DATASET_PATH = DATA_PATH + "UCI HAR Dataset/"
# Load "X" (the neural network's training and testing inputs)
def load_X(X_signals_paths):
X_signals = []
for signal_type_path in X_signals_paths:
file = open(signal_type_path, 'r')
# Read dataset from disk, dealing with text files' syntax
X_signals.append(
[np.array(serie, dtype=np.float32) for serie in [
row.replace(' ', ' ').strip().split(' ') for row in file
]]
)
file.close()
return np.transpose(np.array(X_signals), (1, 2, 0))
X_train_signals_paths = [
DATASET_PATH + TRAIN + "Inertial Signals/" + signal +
"train.txt" for signal in INPUT_SIGNAL_TYPES
]
X_test_signals_paths = [
DATASET_PATH + TEST + "Inertial Signals/" + signal +
"test.txt" for signal in INPUT_SIGNAL_TYPES
]
X_train = load_X(X_train_signals_paths)
X_test = load_X(X_test_signals_paths)
# Load "y" (the neural network's training and testing outputs)
def load_y(y_path):
file = open(y_path, 'r')
# Read dataset from disk, dealing with text file's syntax
y_ = np.array(
[elem for elem in [
row.replace(' ', ' ').strip().split(' ') for row in file
]],
dtype=np.int32
)
file.close()
# Substract 1 to each output class for friendly 0-based indexing
return y_ - 1
y_train_path = DATASET_PATH + TRAIN + "y_train.txt"

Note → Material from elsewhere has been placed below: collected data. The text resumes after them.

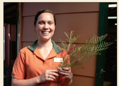
Bri: Grevillea 'Red Hooks' "Great foliage, good screening plant"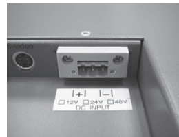
▲ Phoenix-type power input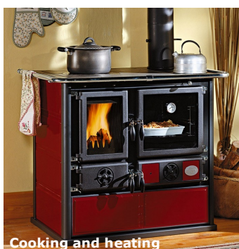
Cooking and heating

Depending on the size of the stove installed and the layout of the home a single appliance can be used to heat one or more rooms. Some models can be used to supplement the hot water and some can also be used for cooking.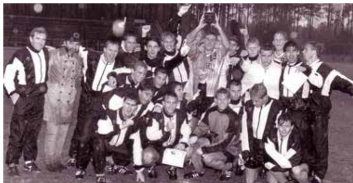
The Camels lifted the program's third Big South Conference tournament championship trophy in 1991.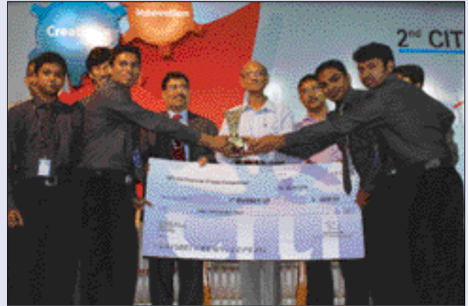
ULAB- Stride team receives a cheque and crest from the Education Minister Mr. Nurul Islam Nahid MP

ULAB-Stride, a programming team of University of Liberal Arts Bangladesh (ULAB), won the 1 st Runner Up in Citi Financial IT Case Competition (CFICC) 2010, beating 51 other teams, including teams from BUET, DU, NSU, IUB, EWU, BRAC University, AIUB, etc. The team's entry was 'An innovative, mobile phone-based DIP Micro-Banking Solution'. The winning team this year was from UIU.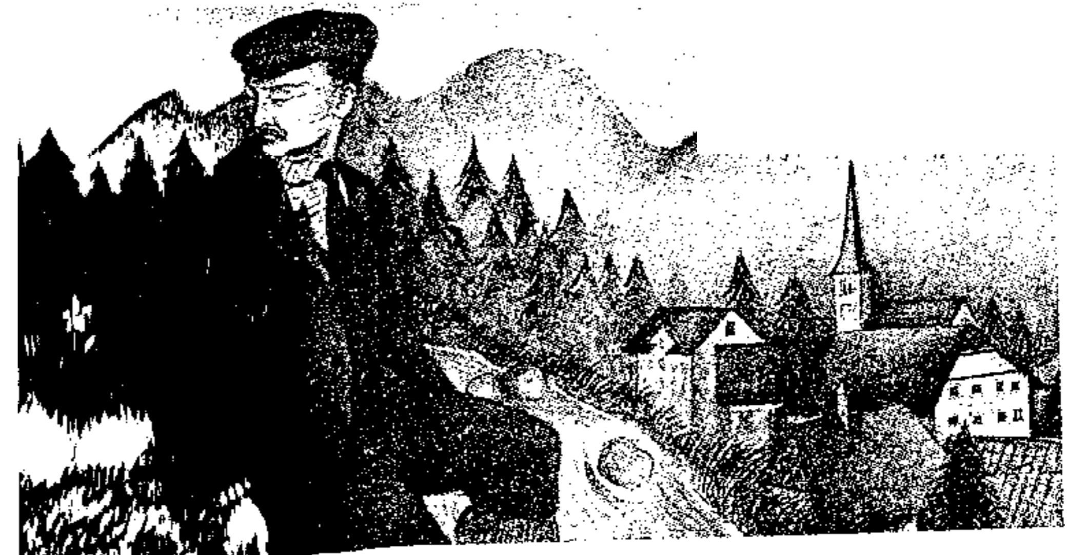
But one day, as he sat by a mountain stream, he actually looked at a flower.

But one day, as he sat by a mountain stream, he actually looked at a flower, and for the first time in ten years he realized how beautiful something living could be. The valley seemed very quiet as he sat there, staring at the Mower. He felt strangely calm.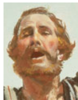
John the Baptist Go right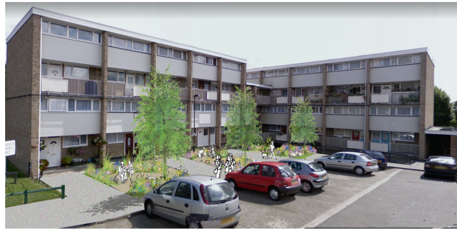
Rain gardens on Blossom Hill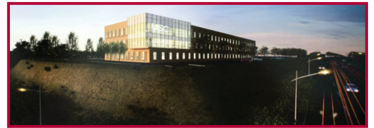
Above, an architectural rendering shows the Soto Street Building, expected to be completed in late 2011.

USC faculty can attend free of charge by registering at http://tinyurl.com/29s57nn and using code "USCF" at checkout. Free registration ends at 6 p.m. Oct. 1.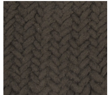
Detail of RS Herringbone Stitch Pattern sole.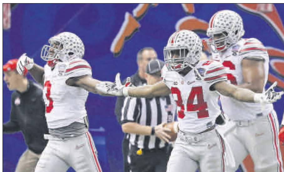
Ohio State players celebrates touchdown by running back Ezekiel Elliott in the second half of the Sugar Bowl NCAA college football playoff semifinal game against Alabama, Thursday, Jan. 1, 2015, in New Orleans.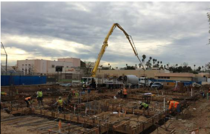
High School S.T.E.M. Building

The team is working to re-evaluate the structural and seismic requirements for the old gymnasium in order to review potential costs savings with the design. As such, the team anticipates submittal to the Division of State Architects by June 2018.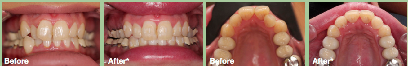
*SmileTRU Level 2 U & L (10 Aligners - 20 weeks, Dr Lloyd Saville, 818 Dental)

At SmileTRU we know there are other clear aligner choices on the market...that is why we decided to create a product that is not just another choice, but an entire program. SmileTRU allows the practitioner to work with the patient regardless of the extent of their misalignment. It is categorised into 4 levels: Level 1 - Canine-to-Canine, Level 2 - Premolar-to-Premolar, Level 3 - Full-mouth and Level 4 - Full-mouth in conjunction with orthopaedic appliances.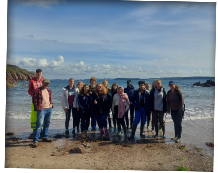
Biology Trip to Pembrokeshire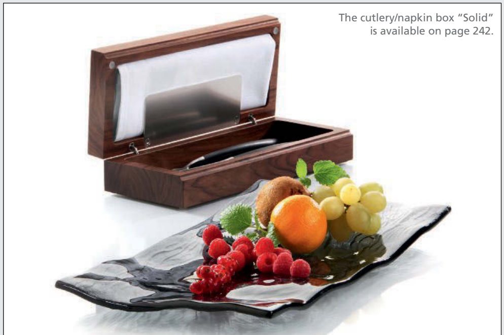
The cutlery/napkin box "Solid" is available on page 242.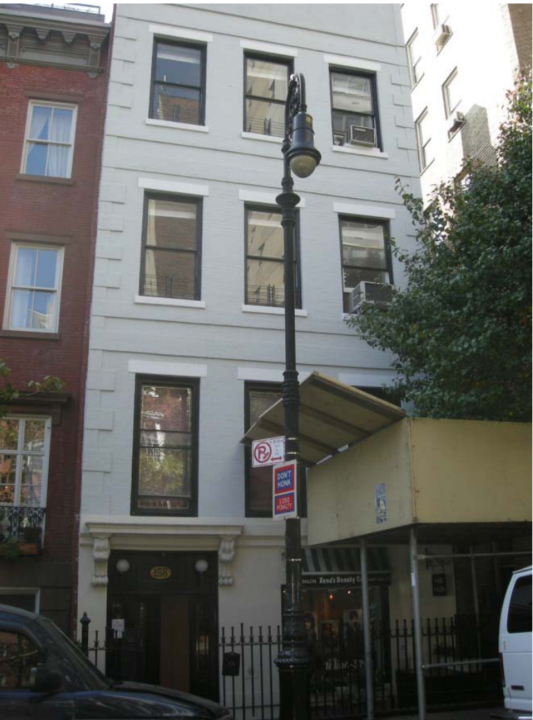
158 W 13 th (1846/1901)

128 West 13 th Street Coated Stone on West 13 th Block Mary B Dierickx Historic Preservation Consulting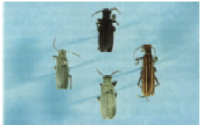
Figure 2. Black, spotted, striped, and gray blister beetles are representative of the many species in the U.S.

the larvae immediately begin searching for grasshopper eggs to consume. Grasshopper eggs are laid in clusters of up to 30 or more within 1 to 2 inches of the soil surface during the late summer and fall. Blister beetle larvae devour clusters of eggs, then overwinter in the soil and emerge as adults in late spring or early summer. When infesting alfalfa, beetles prefer to feed on blossoms but will feed on leaves if blossoms are not present. Pigweed, goldenrod, goathead, puncturevine, peanuts, soybeans, and many other plants also serve as hosts for these beetles.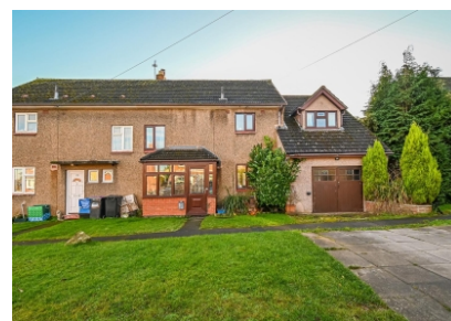
74 The Hobbins, Bridgnorth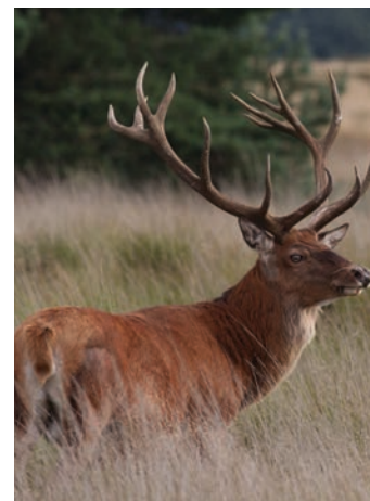
De Hoge Veluwe National Park

Disembark and transfer to the airport for the flights home. B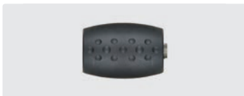
1/4" F : 1/4" M. 350 bar. Stainless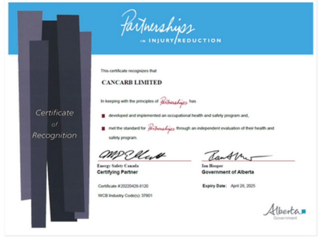
Figure 3. Energy Safety Canada Certificate of Recognition for Health and Safety

y_test_path = DATASET_PATH + TEST + "y_test.txt"
y_train = load_y(y_train_path)
y_test = load_y(y_test_path)
print('OK !')
#collapse-show
def preprocess_data(data_array):
dim_dict = {}
for i in range(9):
name_i = f'dim_{str(i)}'
dim_dict[name_i] = []
for i in range(data_array.shape[0]):
for j in range(data_array.shape[1]):
name_dim = f'dim_{str(j)}'
dim_dict[name_dim].append(
pd.Series(data_array[i][j]).astype('float64'))
return pd.DataFrame(dim_dict)
print('OK !')
#collapse-show
X_train = X_train.reshape(-1,9,128)
X_test = X_test.reshape(-1,9,128)
%time X_train = preprocess_data(X_train)
%time X_test = preprocess_data(X_test)
y_train = list(y_train.copy().ravel())
y_test = list(y_test.copy().ravel())
y_train = [str(each) for each in y_train]

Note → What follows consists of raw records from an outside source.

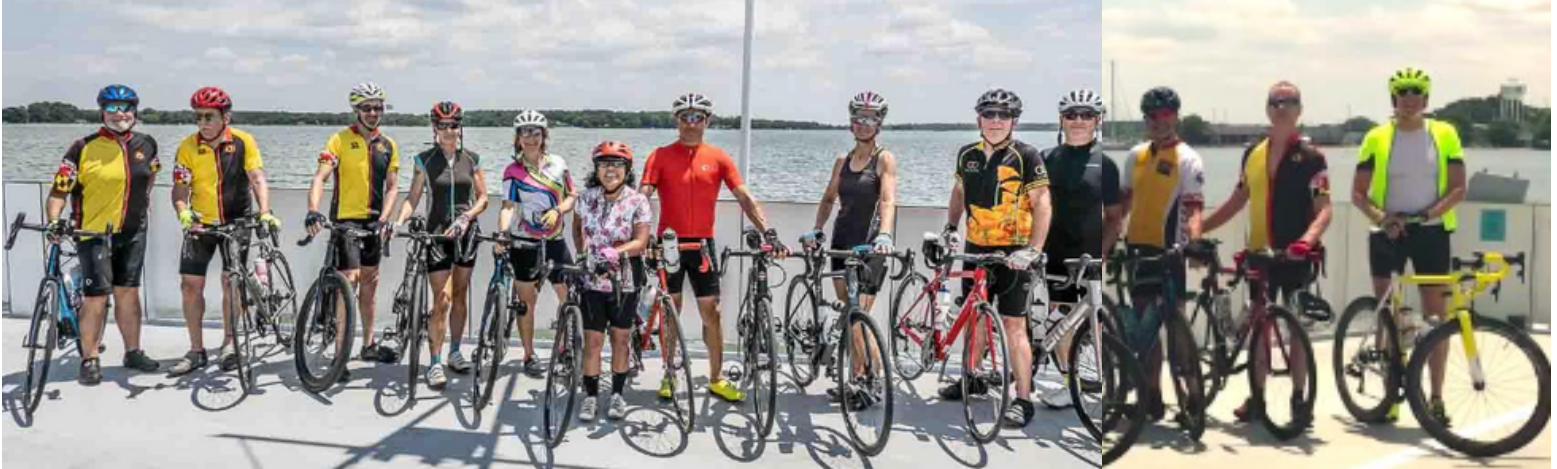
Weekday St. Michaels ride 6/13/23 at the Oxford-Bellevue Ferry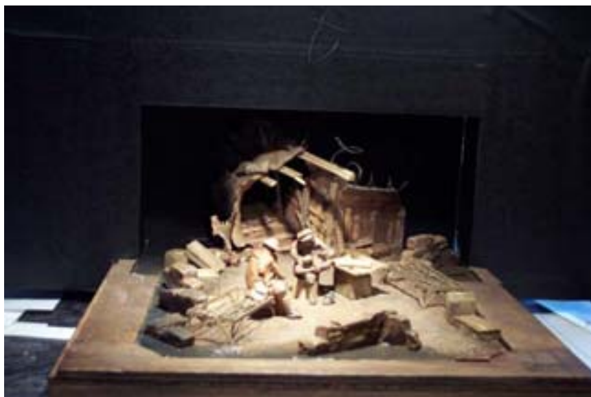
Set Model for "Journey's End" by Cameron Porteous

There is very little furniture -- ammunition crates serve as chairs and the support for a wood-planked table-top. The beds are wooden framed on low legs; there is wire mesh fixed to the frame to support the sleeping bodies. This is the world of men who live like rodents in the ground, burrowed into wet clay with hell raining down on them without warning. A world of madness created by mad men.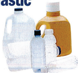
Plastic Jugs/Bottles* Empty containers only ♻️ ♻️

y_test = [str(each) for each in y_test]
rocket_pipeline = make_pipeline(
Rocket(num_kernels = 10000, random_state = 1),
RidgeClassifierCV(alphas=np.logspace(-3, 3, 10), normalize=True)
)
%time rocket_pipeline.fit(X_train, y_train)
%time rocket_pipeline.score(X_test, y_test)
%time y_pred = list(rocket_pipeline.predict(X_test))
%time plot_confusion_matrix(rocket_pipeline, X_test, y_test, display_labels = LABELS)
Conclusion
We were able to improve upon accuracy achieved by LSTM model by a very simple implementation using Rocket. LSTM had scored 91% and using Rocket + Ridge Regression classifier the accuracy jumped to 93%. The performance gain achieved becomes sweeter when you compare the time required to code and train, which was very small compared for rocket in comparison to LSTM in our case. The Rocket methodology is an innovative, simple and fresh technique that attracted my attention to this research paper.